Yapılan uygulamanın amacı ise İsveç’i “Gönenç devleti” yapmak.
En ağır uygulama 1940 ve 50’li yıllarda yapıldı. Daha sonra sayıca azalmakla birlikte zorla kısırlaştırma devam etti. Aktardığım 1934-1979 tarihleri ortasında kısırlaştırılan insan sayısı yapılan zorbalığın boyutunu gösteriyor: Tam 63 bin insan zorla kısırlaştırıldı. 1950’li yıllarda İsveç nüfusunun 6 milyon olduğu göz önünde bulundurulursa, İsveç’te her 100 şahıstan 1’i zorla kısırlaştırılmış. Türkiye’nin bugünkü nüfusuyla orantılarsak 850 bin kişinin kısırlaştırıldığını hesap edin.
Ek olarak, bu kısırlaştırılan insanların neredeyse tamamına yakınının bayan olduğunu da eklemek lazım.
Kısırlaştırma siyasetinde gayelerin kimlikleri de değerli. Zorla kısırlaştırmada yüklü olarak azınlık olarak görülen Tattar olarak bilinen gezici personellerin ve göçerlerin, romanların amaç alındığı görülüyor. İsveç devleti kısırlaştırma siyasetini “saf olmayan, hastalıklı, uyumsuz, çocuklarına bakmaktan aciz, geri zekalıların üremesi engellenerek toplumun ekonomik bir yükten kurtulacağı” münasebeti üzerine oturtmuş.
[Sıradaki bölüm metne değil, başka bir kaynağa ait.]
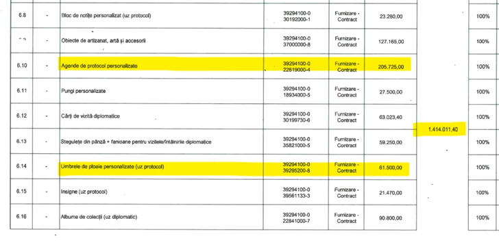 Lista obiectelor de protocol este una șocantă: suport personalizat pentru telefon (peste 30.000 lei), obiecte de artizanat (peste 120.000 lei), agende personalizate (peste 200.000 lei), pungi personalizate (peste 25.000 lei) sau cărți de vizită diplomatice (peste 63.000 lei). De asemenea, Primăria Capitalei vrea să cheltuie peste 100.000 lei pe tot felul de produse de „promovare turistică”, adică pixuri, etichete bagaj, USB-uri sau plase de pânză).

Kısırlaştırılan kimi bayanların anlattıkları, insanın yüreğini parçalıyor.
GÖZLERİ BOZUKTU, KISIRLAŞTIRILDI
Örneğin, 2000 yılında 76 yaşında olan Maria Nordin, kısırlaştırılan bayanlardan biri. Nordin küçükken gözleri arızalı bir kız. Ailesi yoksul olduğu için gözlük alamıyor. Durumu üstlere bildiriliyor ve Nordin, küçük yaşta “geri kalmış tip” sayılarak geri kalmışlar okuluna kapatılıyor. Orada adeta cehennemi yaşıyor. O cehennemden çıkmanın tek yolu “gönüllü kısırlaştırma belgesi”ni imzalamak. Okul’la ilgili transferleri şöyle:
“Orada 17 yaşıma kadar kaldım. (…) çocuklar için bir hapishaneydi.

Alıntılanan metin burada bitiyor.